Implementation checklist
If Microsoft support is the question, the answer is yes. If production reliability is the question, the answer is this checklist. I would not ship RFC 8058 support until every item is true in a real received message.
RFC 8058 readiness
Use these bands to decide whether a Microsoft test failure is a header issue, an endpoint issue, or a UI expectation issue.
Ready
Ship
Both headers exist, DKIM covers them, POST works, and GET is harmless.
Needs work
Fix
Headers exist, but DKIM coverage, token parsing, or GET handling is incomplete.
Unsafe
Block
GET unsubscribes users, tokens sit only in POST body, or headers are unsigned.

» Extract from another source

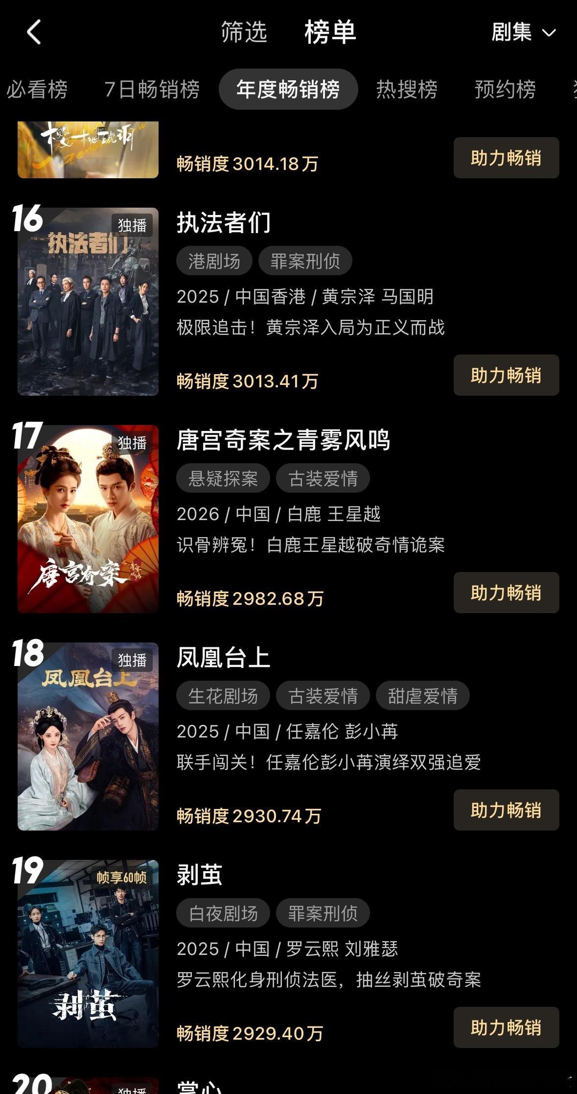 白鹿唐宫奇案畅销年榜第17啦,拉升很快,优酷官方今天又夸《唐宫奇案》夯爆啦,白鹿李佩仪角色也很出圈,位居各大榜单榜一。唐宫奇案目前播到第四案“血色天姿”,前三案分别讲述了“爱情自由,身体自由、精神自由”,是一部真正女性向立意的探案悬疑剧,制作精良,期待接下来的剧情 白鹿我来试试这个新功能

- Headers: Include one List-Unsubscribe header with an HTTPS URL and one List-Unsubscribe-Post header.
- DKIM: Sign both unsubscribe headers and confirm the received message still has a valid signature.
- Endpoint: Accept POST, parse the URL token, unsubscribe immediately, and return a success response.

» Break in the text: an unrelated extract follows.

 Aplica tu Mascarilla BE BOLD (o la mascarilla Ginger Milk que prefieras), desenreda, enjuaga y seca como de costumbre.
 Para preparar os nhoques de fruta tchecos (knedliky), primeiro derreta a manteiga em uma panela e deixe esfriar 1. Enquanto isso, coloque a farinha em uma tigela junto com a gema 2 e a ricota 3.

- GET: Show a confirmation page or do nothing, because automated systems fetch URLs.
- Logging: Record enough request detail to prove Microsoft reached the endpoint without storing sensitive data.
A clean Microsoft test is useful, but it does not replace broader domain checks. If a sender is failing SPF or DKIM elsewhere, a one-click header can be correct and still get inconsistent treatment. Use a domain health check before blaming the unsubscribe endpoint.
Views from the trenches
Best practices
Put the recipient and list token in the HTTPS URL, not in the one-click POST body.

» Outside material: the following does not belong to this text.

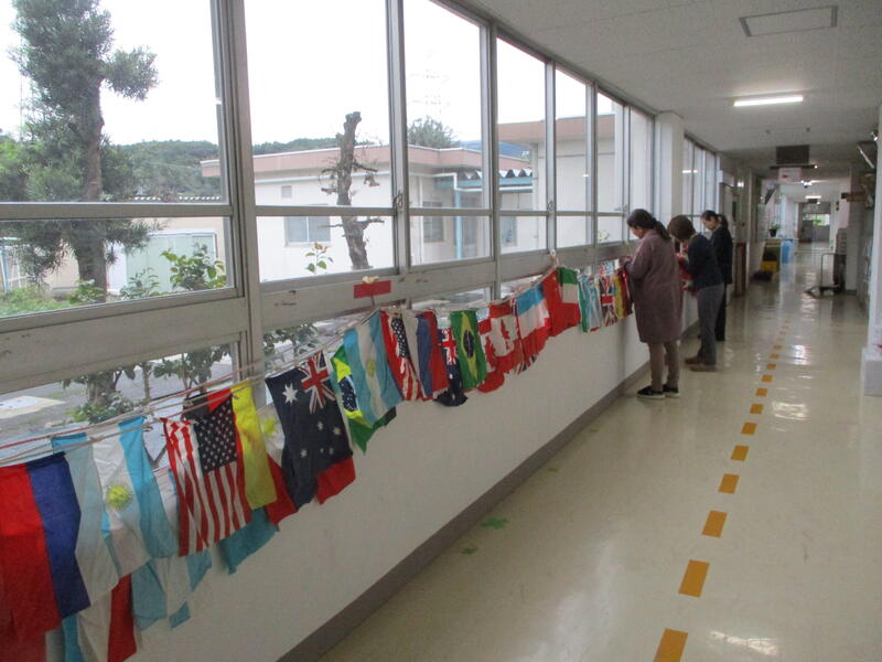 運動会の雰囲気を盛り上げる万国旗。今朝(11/1)、5年生が準備をしてくれました。まつぼり風に耐えながら会場を盛り上がる大切な万国旗です。風で外れないように、先生方に結び直していただきました。

Sign both unsubscribe headers with DKIM so mailbox providers fully trust the request.
Treat GET requests as previews or confirmations, never as automatic unsubscribe events.
Common pitfalls
Expecting Microsoft to send the subscriber ID in the POST body breaks working flows.
Sending an HTTPS List-Unsubscribe URL without RFC 8058 causes scanner-like requests.
Assuming the Outlook unsubscribe control appears for every valid message creates alarms.
Expert tips
Log method, path, query string, user agent, and status for every unsubscribe request.
Accept the exact one-click body, but base the unsubscribe decision on the URL token.
Test mailto and HTTPS options separately because clients choose fallback paths differently.
Expert from Email Geeks says Microsoft can send an RFC 8058 POST when the headers are valid, so a failed test should start with endpoint parsing and DKIM coverage.
2023-10-23 - Email Geeks
Marketer from Email Geeks says the Outlook unsubscribe control is not always obvious in the user interface, so absence of a button is not enough proof that the headers failed.
2023-10-23 - Email Geeks
The practical answer
Microsoft does support RFC 8058 List-Unsubscribe-Post, but the implementation has to match the RFC. The unsubscribe URL carries the recipient and list identity. The POST body carries the standard one-click signal. The endpoint removes the subscriber on POST and avoids removal on GET.
The visible Outlook button is useful evidence, not the only evidence. I trust the received headers and endpoint logs more than the UI. If Microsoft sends a POST to the encoded unsubscribe URL and your server processes it safely, the Microsoft side of list-unsub-post is working.